This is a very elementary question but I can't find the answer in my book at the moment.
If I have, for example, two vectors $v_1$ and $v_2$ in $\mathbb R^5$ and knowing that they are linear independent , how can I extend this two vectors to a basis of $\mathbb R^5$. I know that I just have to add $v_i$ for $3\leq i \leq 5$ such that they are linear independent but how can I do that? Is there an easy algorithm?
An easy solution, if you are familiar with this, is the following:
Put the two vectors as rows in a $2 \times 5$ matrix $A$. Find a basis for the null space $\operatorname{Null}(A)$. Then, the three vectors in the basis complete your basis.

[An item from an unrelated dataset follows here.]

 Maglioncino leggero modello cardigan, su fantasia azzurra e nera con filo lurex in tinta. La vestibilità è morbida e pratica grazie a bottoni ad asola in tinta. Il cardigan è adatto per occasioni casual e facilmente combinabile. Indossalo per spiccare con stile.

I usually do this in an ad hoc way depending on what vectors I already have. However, if you want an algorithm, you can exploit algorithms to reduce a spanning set to a basis (hopefully you know some of these).

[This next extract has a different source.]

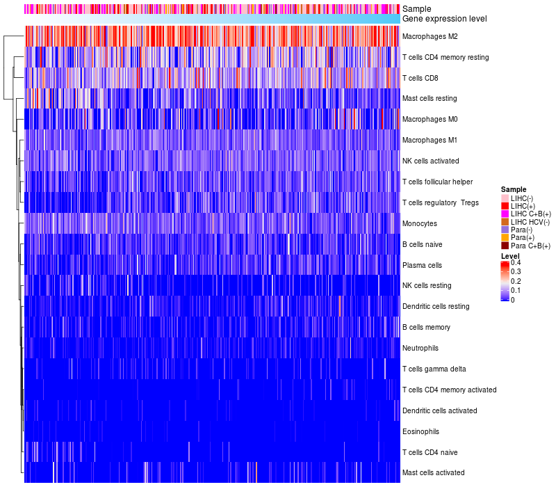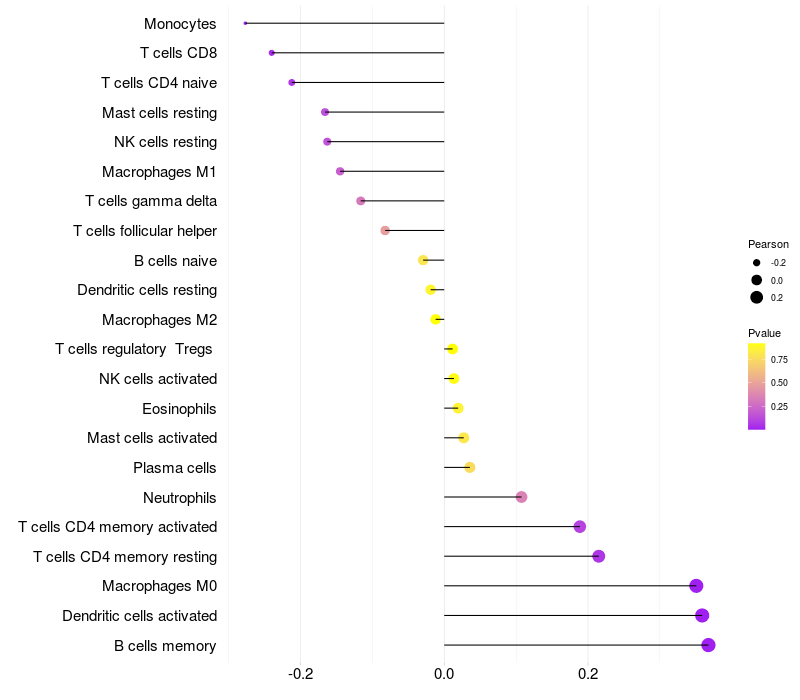Relationship between gene expression and immune infiltrating cell level

In your example, expand your set of vectors to $v_1,v_2,e_1,e_2,e_3,e_4,e_5$, where $e_1,\dotsc,e_5$ are the standard basis vectors in $\mathbb{R}^5$. Then you can apply the sifting algorithm to this set to get a basis; because $v_1$ and $v_2$ are linearly independent and occur first in the list, they won't be removed in the sifting process, so you'll end up with some basis containing them. Essentially the same trick works for set of linearly independent vectors in a finite dimensional vector space.

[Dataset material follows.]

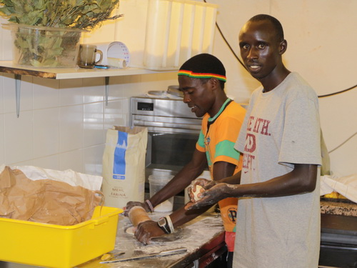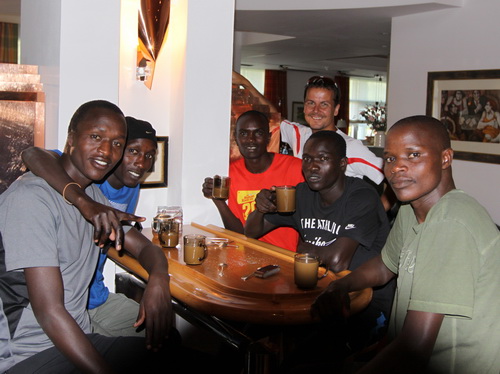 Die Läufer sind keineswegs abgeschottet, wie man vermuten könnte. Der junge Trainer Claudio Prandelli legt zwar großen Wert auf Disziplin und genießt den größten Respekt, andererseits ist er für die Läufer wie ein Bruder. Nach getaner Arbeit sind alle sehr zugänglich und ich habe den Eindruck, sie sind für eine gewisse Abwechslung richtig dankbar. „Hey, marathon4you, Foto machen“, rufen sie, egal, ob sie gerade beim Tee zusammen sitzen oder die Küche belegen, weil sie Fladen backen.
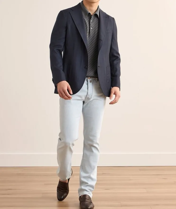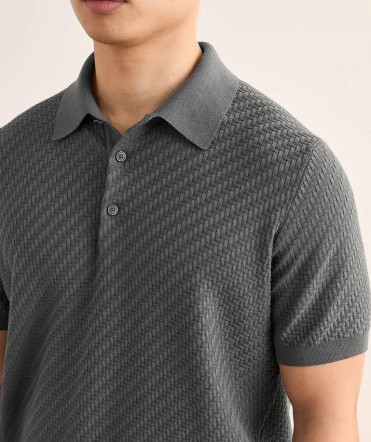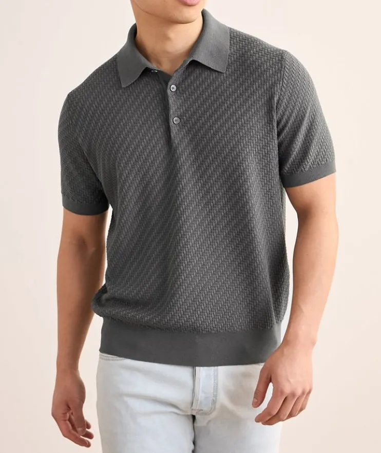 - Crafted from a quality blend of cotton, silk and cashmere, this knit polo is finished with a woven design for visual interest.

Put your independent vectors in a list, which you then complete with a generating set for the whole space, as described in the answer by Matt Pressland (the standard basis is the most obvious choice for a generating set for $\Bbb R^n$). Now for each vector in the list in turn, see if the set of vectors in the list up to and including it is linearly dependent. If it is, keep the vector, if it isn't (then this vector must be a linear combination of the previous ones so) throw it out. In either case proceed to the next vector in the list. The test ensures that whenever one advances, the vectors retained so far are linearly independent. Also the vectors thrown out are ensured not to affect the span of the whole list, and since that span was the whole space at the beginning, it still is at the end. By linear dependence, one has found a basis. Since the vectors given initially were independent and at the beginning of the list, none of them can have been thrown out, so they survive in the basis.
A good general strategy for expanding a basis is to build a matrix $A$ out of the vectors you have and the standard basis vectors. Then, put $A$ into reduced row echelon form. If you toss out the dependent/free vectors, the remaining vectors are linearly independent and span. Therefore, they form a basis of your vector space.
Consider a finite dimensional vector space V. Let A be a finite subset of V that contains linearly independent vectors. If $span(A) \neq V$ then there exists a vector v $\in V$ so that all the elements in A and v are linearly independent. Since V is finite dimensional, you can repeat this process until you obtain a basis for the space V.